» **WHAT YOU ARE ASKED TO DO**
Print nothing except the lines of the listing below from the line with "- The heart-shaped" to the line with "精彩的舞狮表演中,两头舞狮灵", each exactly as written, both ends included.

» **PROVIDED MATERIAL**
--------------------------------------------------

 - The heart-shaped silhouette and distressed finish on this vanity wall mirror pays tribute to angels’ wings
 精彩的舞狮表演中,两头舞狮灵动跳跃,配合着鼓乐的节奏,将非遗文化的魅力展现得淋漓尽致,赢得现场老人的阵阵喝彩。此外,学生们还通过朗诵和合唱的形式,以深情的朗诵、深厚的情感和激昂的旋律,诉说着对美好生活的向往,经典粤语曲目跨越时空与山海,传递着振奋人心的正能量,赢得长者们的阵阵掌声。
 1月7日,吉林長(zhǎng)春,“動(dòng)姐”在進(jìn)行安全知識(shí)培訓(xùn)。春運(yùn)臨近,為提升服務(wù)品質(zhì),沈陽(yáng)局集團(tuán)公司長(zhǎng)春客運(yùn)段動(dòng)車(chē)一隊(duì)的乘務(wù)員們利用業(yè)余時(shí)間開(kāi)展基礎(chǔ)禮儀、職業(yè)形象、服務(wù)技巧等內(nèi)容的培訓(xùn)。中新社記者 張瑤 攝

--------------------------------------------------

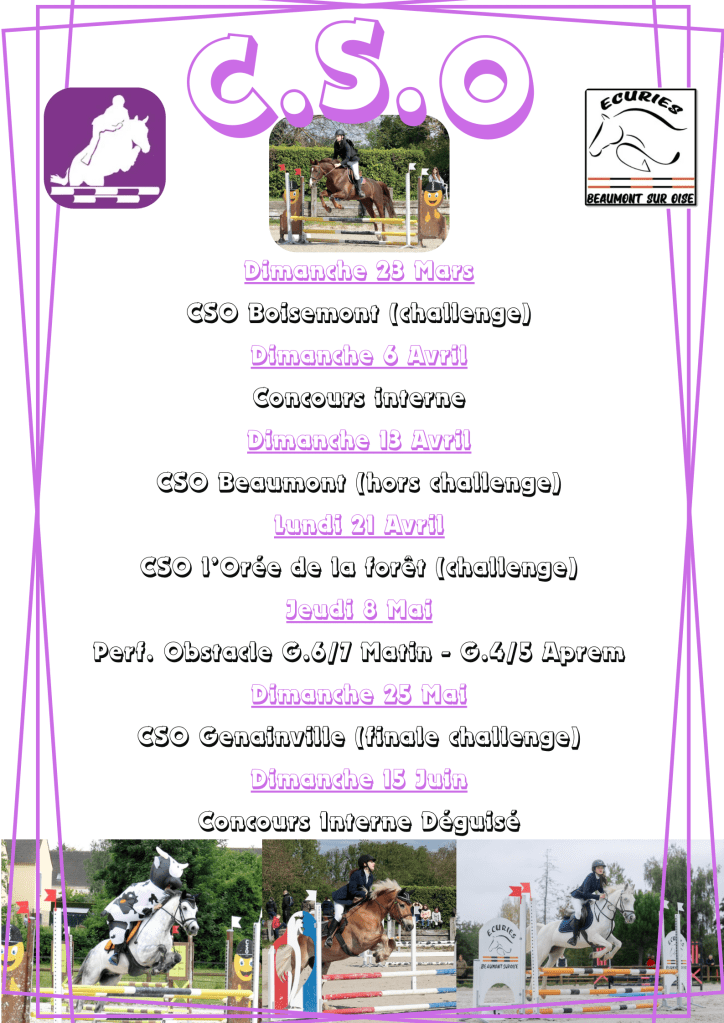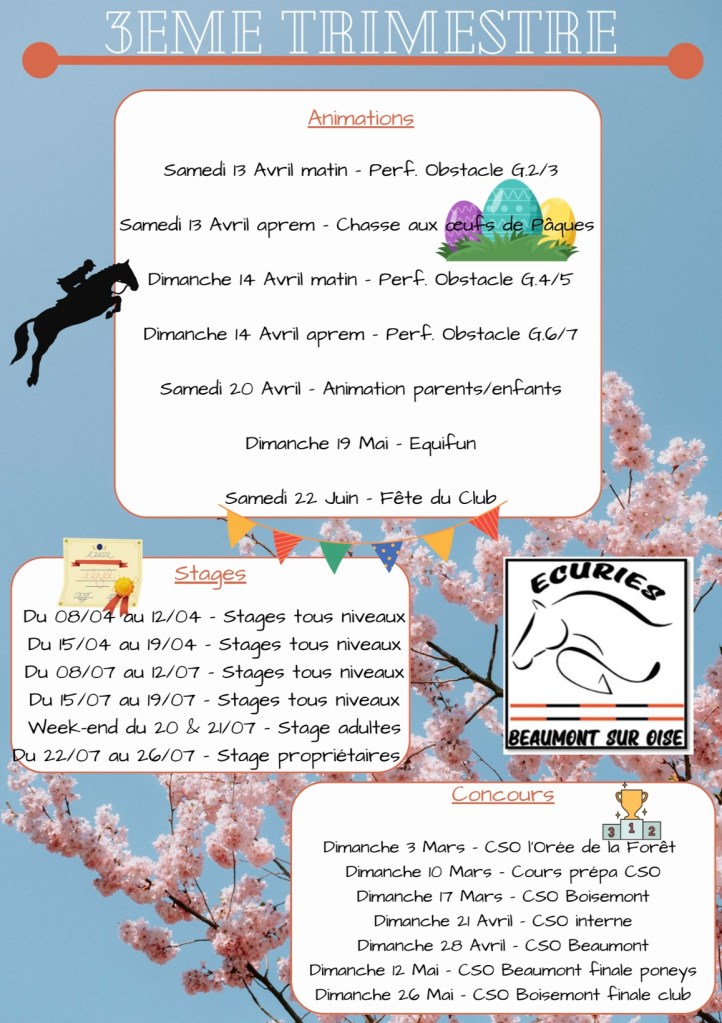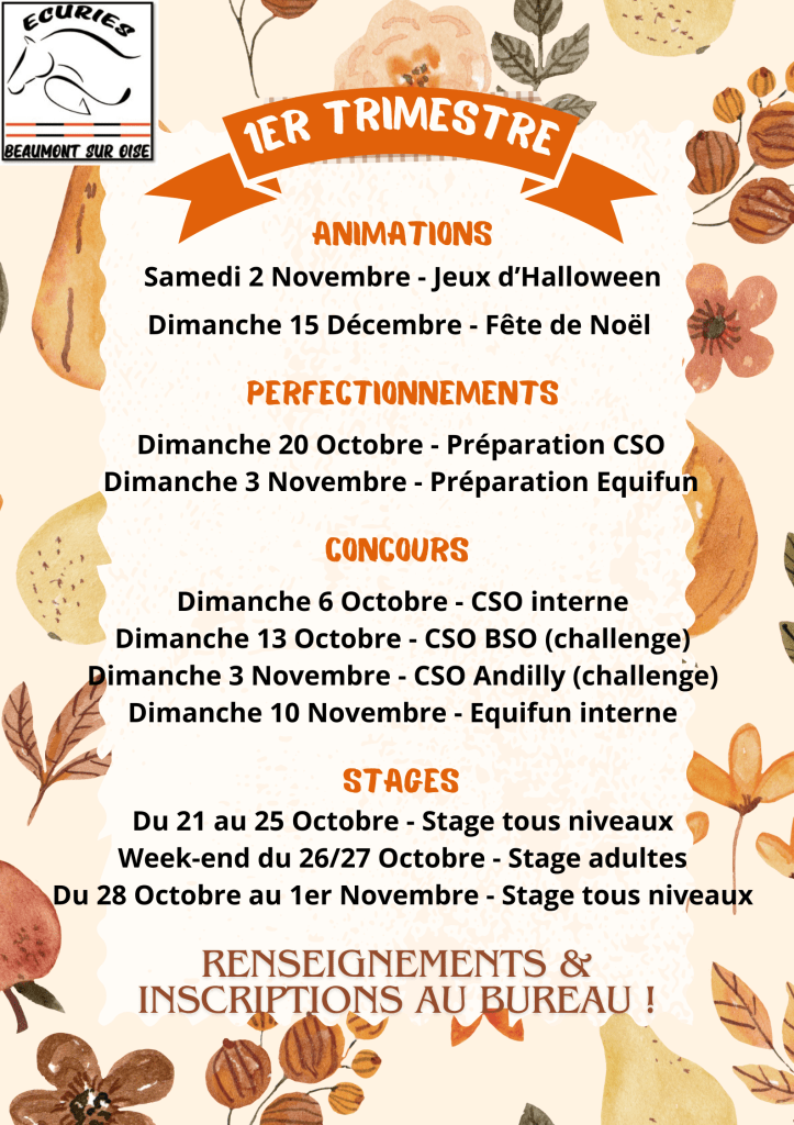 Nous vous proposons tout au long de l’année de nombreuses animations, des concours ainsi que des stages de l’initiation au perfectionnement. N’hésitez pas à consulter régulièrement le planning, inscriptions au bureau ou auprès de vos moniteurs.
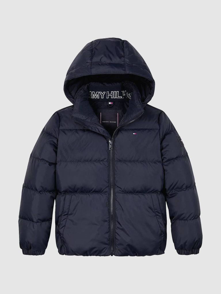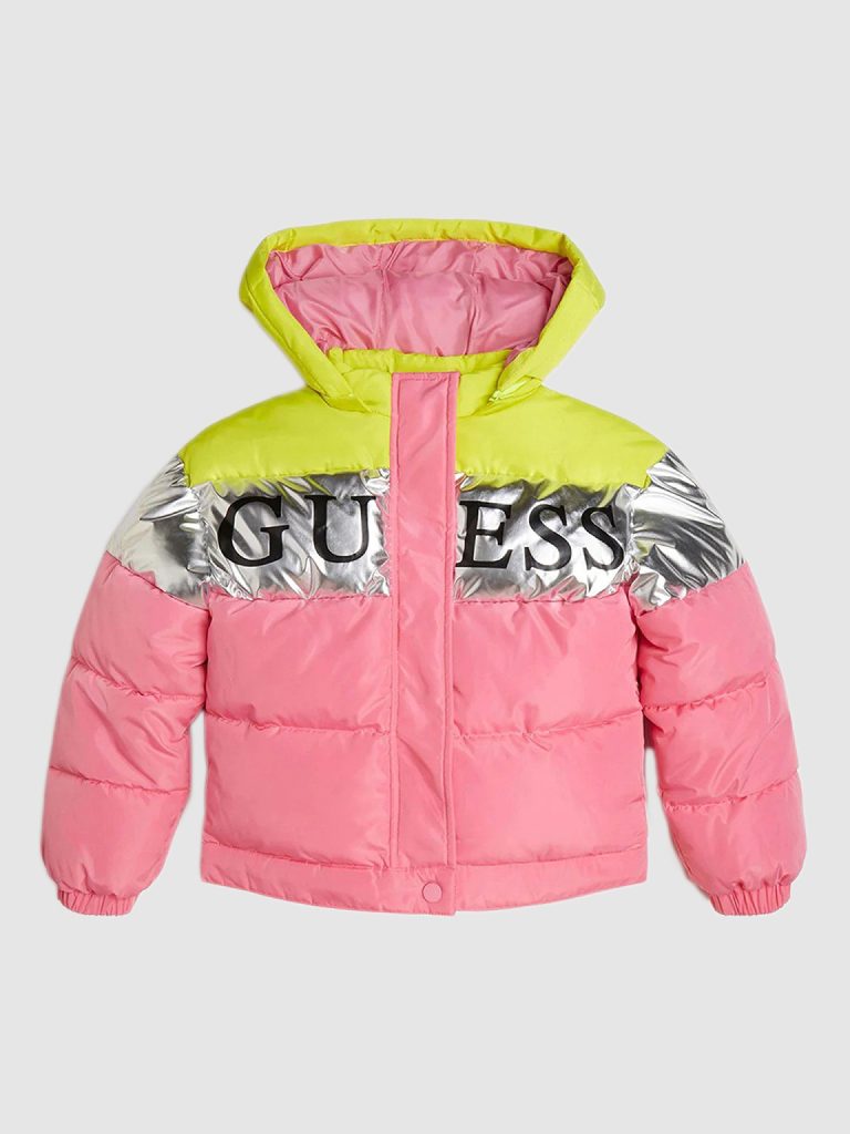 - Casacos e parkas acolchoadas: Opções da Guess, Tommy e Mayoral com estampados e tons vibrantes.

--------------------------------------------------

» **ANSWER BELOW**
 - The heart-shaped silhouette and distressed finish on this vanity wall mirror pays tribute to angels’ wings
 精彩的舞狮表演中,两头舞狮灵动跳跃,配合着鼓乐的节奏,将非遗文化的魅力展现得淋漓尽致,赢得现场老人的阵阵喝彩。此外,学生们还通过朗诵和合唱的形式,以深情的朗诵、深厚的情感和激昂的旋律,诉说着对美好生活的向往,经典粤语曲目跨越时空与山海,传递着振奋人心的正能量,赢得长者们的阵阵掌声。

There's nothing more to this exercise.